Some have objected on legal grounds. In his dissenting judgment, Justice Samayawardhena admonished that, by pronouncing on the validity of the bhikkhuni order, the court had waded into “ecclesiastical matters” that should be the purview of monastic elites only. “The question of whether bhikkhunis should be recognized in Buddhist Law,” he warned, “is not a matter for this Court to decide.” 

Others see the decision as a potential threat to Sri Lankan Buddhism itself. In a Sinhala-language submission, which was quoted at length in Samayawardhena’s dissent, the three chief monks of the island’s largest monastic fraternities cautioned that the revival of the bhikkhuni order could lead to a decline in Sri Lanka’s “pure Theravada Buddhism” and that any state intervention in the issue had the potential to stoke conflict among the island’s Buddhists. 

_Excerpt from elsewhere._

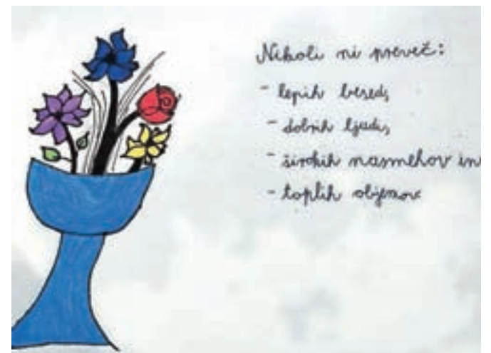
Že jeseni so z risbicami in lepimi mislimi obdarili tudi stanovalce jeseniškega doma upokoencev.

Regardless of these reactions, both positive and negative, it’s safe to assume that things will not be the same for the island’s bhikkhunis. Sri Lanka’s grinding gears of Buddhism and law have indelibly changed the conditions of life in ways that include—but may not be limited to—bhikkhunis’ ability to register their titles with government offices.

Whether these wheels are just beginning to turn or have come to a new resting place is indeed the question of the day. Are there more changes on the way for religion and law in Sri Lanka? Will this decision catalyze analogous legal actions in other parts of South Asia? We will just have to wait and see.